Documentation

The loading process

The basic processing entity is a Task. A Task is started when an export block becomes available. Export blocks come converted to CSV, and are contained in a single directory. They must be registered to get in the processing queue. There are several different export types: TARGET, BEST, RUNS, PLATE and TILING. The format of the respective csv files are found here. Each task comes with a id number that is unique within its category.

The loading process consists of Steps. The first step is to load each block of data into a separate SQL Server database, containing only a thin set of indices. Then we validate the data. This includes several things: we verify that there are no primary key collisions, all foreign keys point to a valid record, and we build several ancilliary tables for spatial searches (HTM, Neighbors, etc.) After the validation step we publish the data: we perform a db-to-db copy, where the target is the final production database. The last step in the process is that we make a backup of the SQL block in its final stage to storage brick.

There are codes associated with the state of the tasks.
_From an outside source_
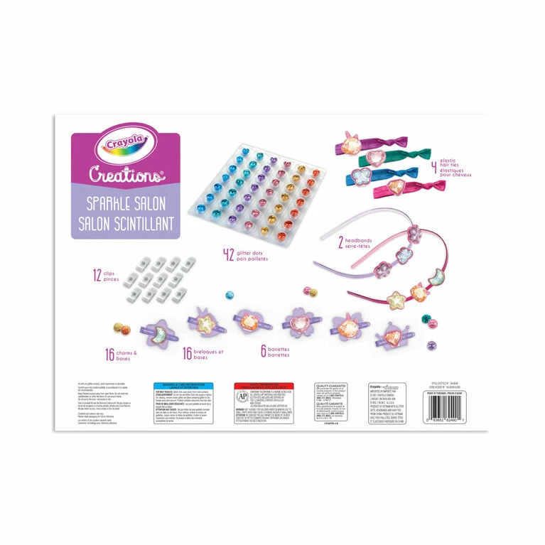 With the Crayola Creations Sparkle Salon kids can “squish to create” colourful, sparkly and wearable hair accessories! Using 8 fun charm designs with interchangeable clips, young salon stylists can mix and match for custom designs across the featured hair accessories! Get creative! The set encourages kids to express themselves with these easy-yet-beautiful crafts! The Creations Sparkle Salon features 42 Glitter Dots, 16 Charms, 12 Clips, 6 Barrettes, 4 Hair Bands, 2 Headbands and 1 Instruction Sheet. This D.I.Y. set is perfect for ages 6 and up. Makes a wonderful gift for girls and boys who have a style all their own!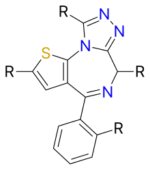 A thienotriazolodiazepine[1] is a heterocyclic compound containing a diazepine ring fused to thiophene and triazole rings. Thienotriazolodiazepine forms the central core of several pharmaceutical drugs including:

These are composed of the step name and of the

A state-machine representation of the loading process. Each step is a sequence of rather complex steps in itself. The yellow question marks represent a manual Undo step, which is performed as necessary.

Tracking

We have set up a database to track the information about the loading. This database tracks Tasks and Events. Nothing is ever deleted from the database, we only add things. The database is visible from the outside, but its contents can only be changed (added to) from within the private network.

Each step generates several Events. An event is the start of a processing step, its success and its failure. An event is always uniquely associated with a task. It has a timestamp, indicating when the event was logged. Thus, one can estimate the time it took for a processing step from the difference between the timestamp of the completion and its start. The events can also point to a logfile, or to a set of log records in another table, which can be inspected in the case of an error condition.

Each action in the loadlog database is done through a small set of stored procedures, like spNewTask, or spNewEvent.